No score method for MeanShift estimator - scikit-learn

646 Views Asked by At

I was trying to use GridSearch to iterate over different values of bandwidth for MeanShift algorithm and it shows this error; does any of you know how can I fix this? Thanks a lot!

# Using GridSearch for Algorithm Tuning
from sklearn.model_selection import GridSearchCV
meanshift=MeanShift()
C = range(48, 69) # For MeanShift bandwidth
param_grid = {"bandwidth": range(48, 69)}

mean_grid = GridSearchCV(estimator=meanshift, param_grid=param_grid, scoring=None)

mean_grid.fit(X)

And this is the error I get:

TypeError: If no scoring is specified, the estimator passed should have a 'score' method. The estimator MeanShift(bandwidth=None, bin_seeding=False, cluster_all=True, min_bin_freq=1,
     n_jobs=1, seeds=None) does not.
2

There are 2 best solutions below

1
On

It's because MeanShift algoritm does not contain score function. In this case you have to specify scoring in GridSearchCV. Here is a complete list.
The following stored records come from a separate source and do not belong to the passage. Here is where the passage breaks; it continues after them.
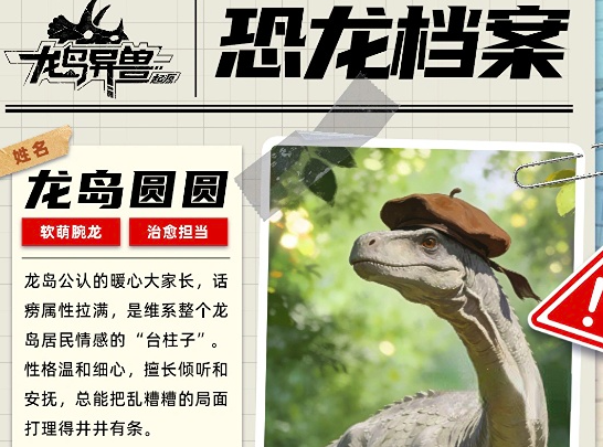 第二只强推的恐龙是龙岛圆圆,作为一只腕龙是团队当中的智力担当,也是每一个龙岛小伙伴公认的大家长,虽然具备话痨属性,但却是整个龙岛情感居民联系的台柱子,最擅长的是与每只恐龙进行沟通,并且能够安抚倾听他们的心事,爱好就是收集地上可以发光的鹅卵石,在战斗过程当中能够为团队提供持续的续血量,保证整个团队的续航时间。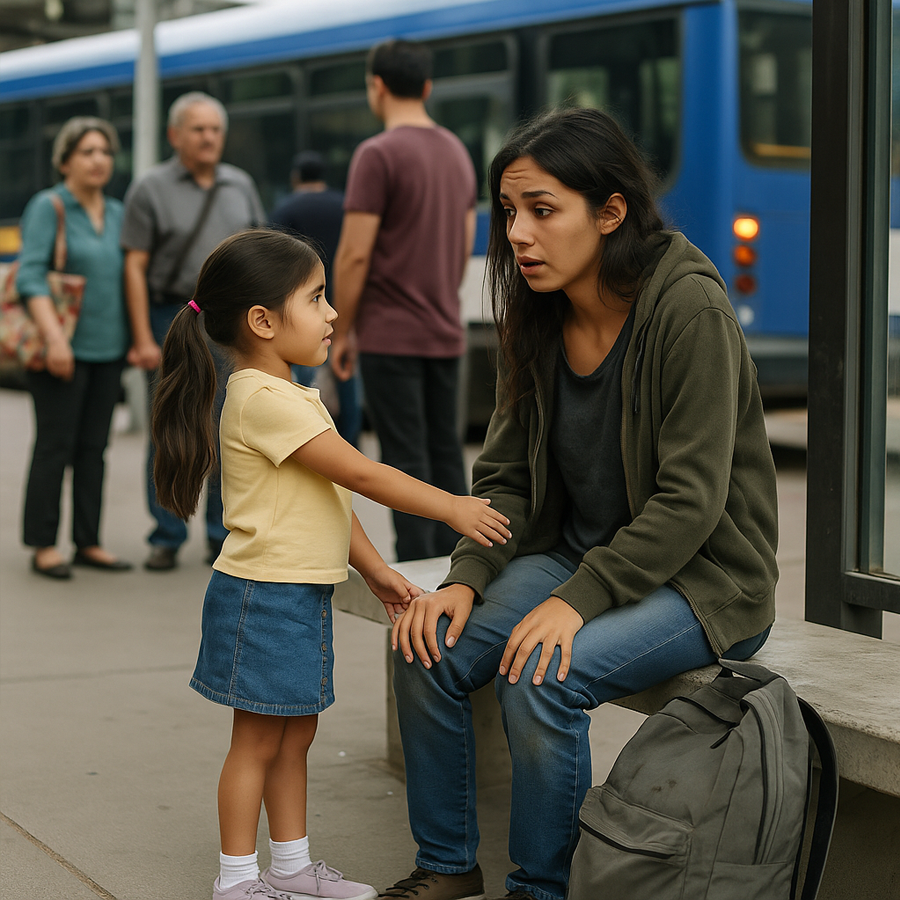 En una tarde cualquiera, en medio del bullicio de una ciudad mexicana, el destino unió a dos almas que parecían venir de mundos opuestos: una joven sin hogar y una niña con el corazón más grande que su edad. Lo que comenzó como un encuentro fortuito en una parada de autobús se convirtió en una historia que conmovió a todos los que la presenciaron… y a millones más que la conocerían después.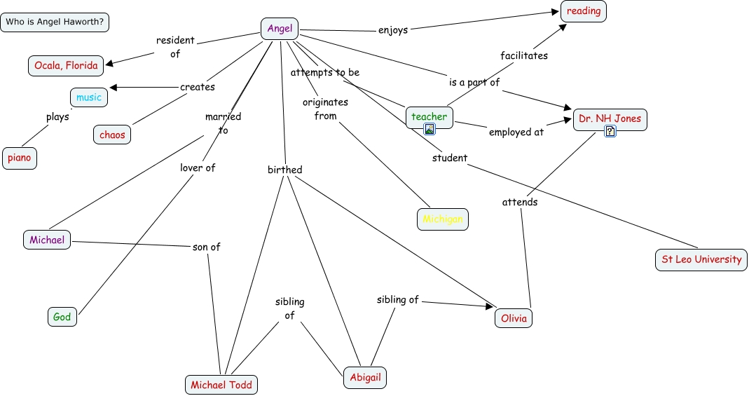 This Concept Map, created with IHMC CmapTools, has information related to: Angel, Michael Todd sibling of Abigail, Angel student St Leo University, Angel birthed Michael Todd, Angel creates music, Angel attempts to be teacher, Abigail sibling of Olivia, Angel lover of God, music plays piano, Angel resident of Ocala, Florida, Dr. NH Jones attends Olivia, teacher facilitates reading, Angel enjoys reading, Abigail birthed Michael Todd, Michael son of Michael Todd, Angel originates from Michigan, Olivia birthed Michael Todd, Angel creates chaos, Angel married to Michael, Angel is a part of Dr. NH Jones, teacher employed at Dr. NH Jones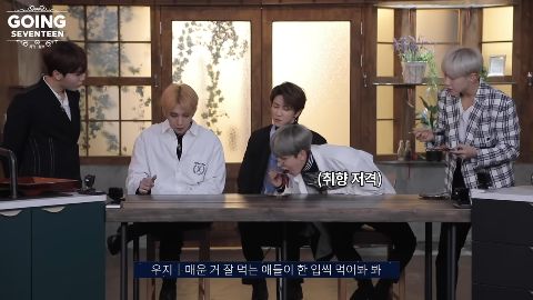 [GOING SEVENTEEN 2020] EP.1 2020 : MYSTERY MYSTERY #12020-01-27 13:10GOING SEVENTEEN그럼 아직 정확히 뭘 먹는지 모르는 거네?1:45그나저나그나저나이나저나저나저나1:57괴식에 대한 숨길 수 없는 기대감2:30찹채 선호3:528kg 아령 포크로 찹채 먹기 도전4:15도겸이 저거 잘 어울린다 안대랑5:34그것도 부러뜨리면10:26블루베리 김치전 냠냠14:04취향 저격 불닭 김치전14:50동생들 격려15:22청양고추 김치전도 냠냠16:37녹차 아이스크림 김치전 이건 뭐 자주들 해먹곤 하죠16:50너어무 맛있겠다22:54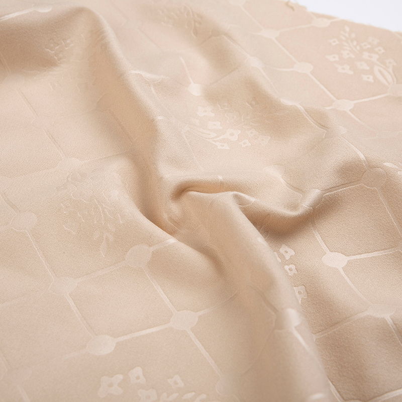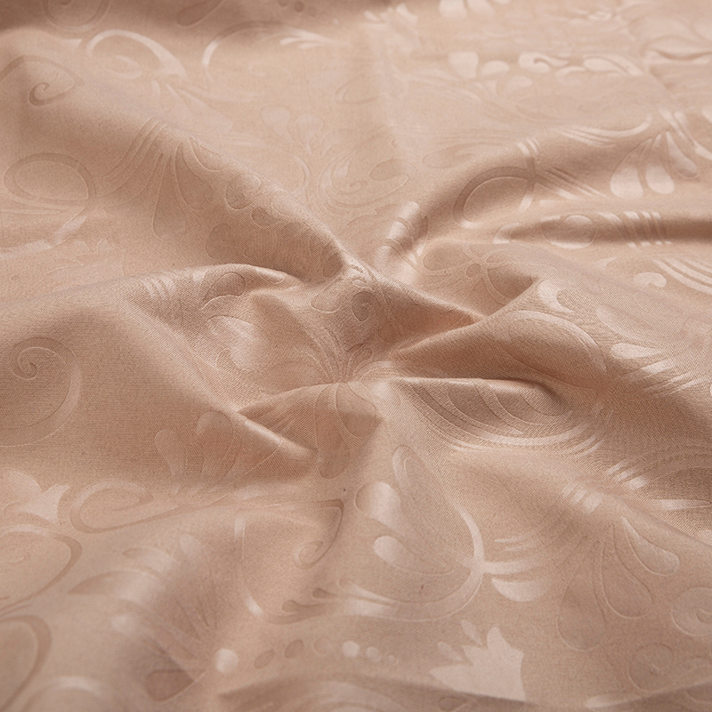 這種聚酯壓花織物是由99.99%的聚酯長絲織成的?;疑椢锉砻婺ド昂?,成品織物會變得細膩、柔軟,仿佛桃子的表皮一般。同時,滌綸織物具有更好的保溫性能。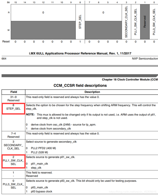 寄存器 CCM_CCSR 我们只用到了 STEP_SEL、 PLL1_SW_CLK_SEL 这两个位,一个是用来选择 step_clk 时钟源的,一个是用来选择 pll1_sw_clk 时钟源的。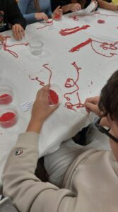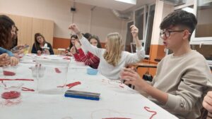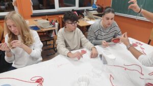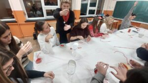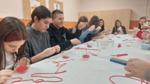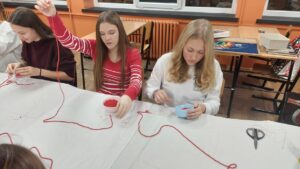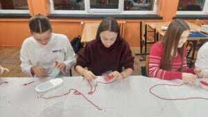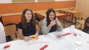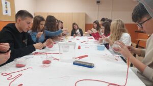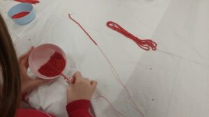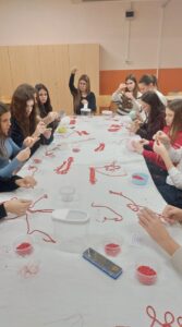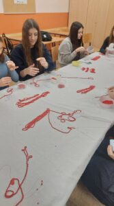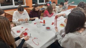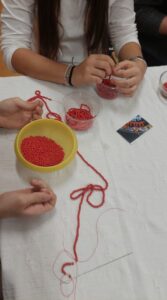 Prionuli smo praktičnom radu. Na stolu su se našle crvene staklene perlice karakteristične za stupnički kraluš. U početku je rad zahtijevao iznimno strpljenje i spretnost ruku jer je nizanje sitnih perlica teklo sporo. Međutim, uz stručno vodstvo naše voditeljice i međusobnu pomoć brzo smo svladali osnove. Spretne ruke s vremenom su postale sve brže i učinkovitije. Svi smo uspješno započeli izradu svojih komada nakita te smo s ponosom mogli vidjeti kako se tradicija doslovno niže pred našim očima.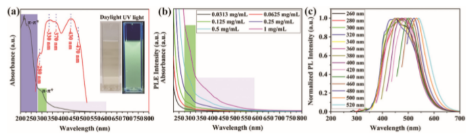 Fig. 1 (a) 520nm發射的GQDs的吸收和多重譜圖;(b)不同濃度GQDs溶液的吸收光譜;(c) GQDs水溶液的PL光譜作為激發波長的函數。
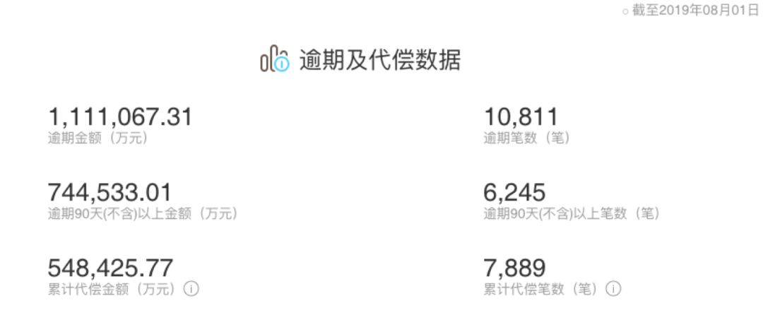 据爱投资披露,截至2019年8月1日,逾期金额111.10亿元,逾期笔数10811笔,其中逾期90天(不含)以上金额74.45亿元,逾期90天(不含)以上6245笔。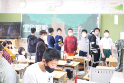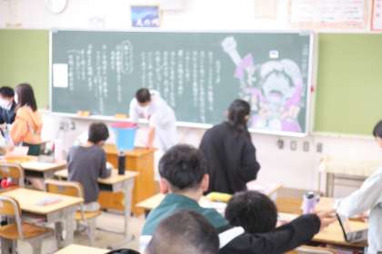 今日がこの学年で過ごす最後の日です。始業前、ボランティアで清掃活動をしている5年生に「ありがとう」と声をかけ、教室を巡ります。その5年生の教室の黒板には、担任からの最後のメッセージがかかれていました。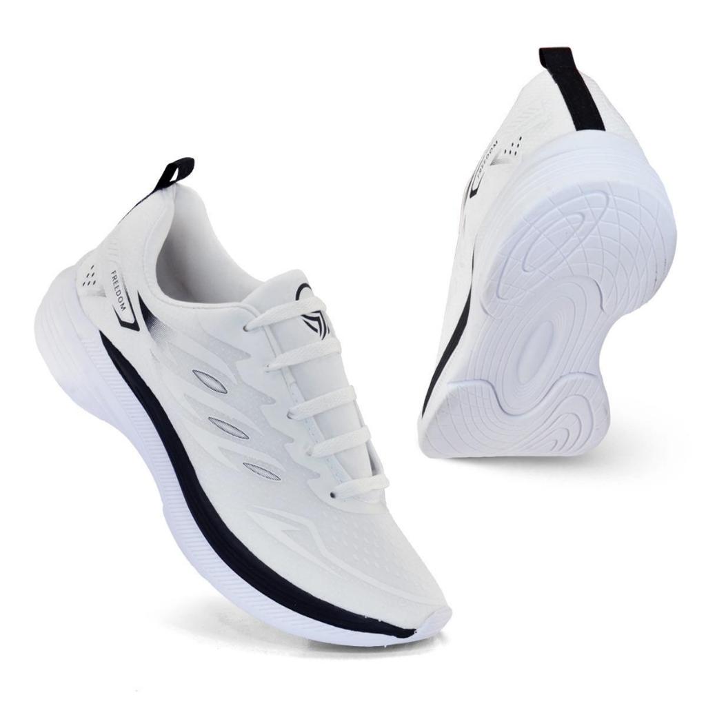 Tenis Masculino Escolar Academia Original FREEDOM Corrida Caminhada Lançamento BRANCO PRETO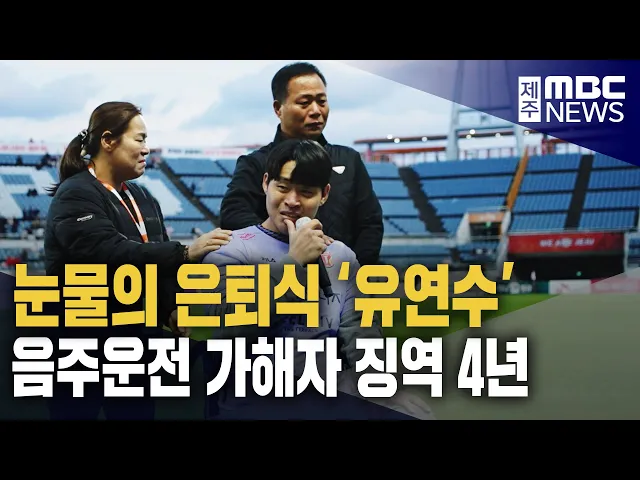 ◀ 앵 커 ▶교통사고를 당해 선수 생활을 접어야만 했던 제주 유나이티드 소속 유연수 선수 기억하실 텐데요.법원이 음주 운전을 하다 사고를 낸 30대가해 차량 운전자에게 실형을 선고하고 법정구속했습니다.홍수현 기자입니다.◀ 리포트 ▶두 발 대신 휠체어를 타고 들어선 홈 구장.입단 3년 만에 불의의 사고로 다시 뛰지 못...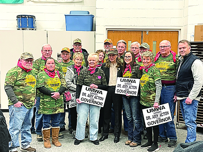 Photo by Julie Stenger Mineworkers from throughout the Ohio Valley were among those who attended a meet-the-candidate event at Buckeye Local High School in Rayland Saturday evening. Dr. Amy Acton, Democratic candidate for Ohio governor, was among those who participated.

From the documentation of GridSearchCV:

Parameters:

estimator : estimator object.

This is assumed to implement the scikit-learn estimator interface. Either estimator needs to provide a score function, or scoring must be passed.

0
On

You can't use GridSearch with an unsupervised method well.

The concept of grid search is to choose those parameters that have the best score when predicting on held out data. But since most clustering algorithms cannot predict on unseen data, this does not work.

It's not that straightforward to choose "optimal" parameters in unsupervised learning. That is why there isn't an easy automation like gridsearch available.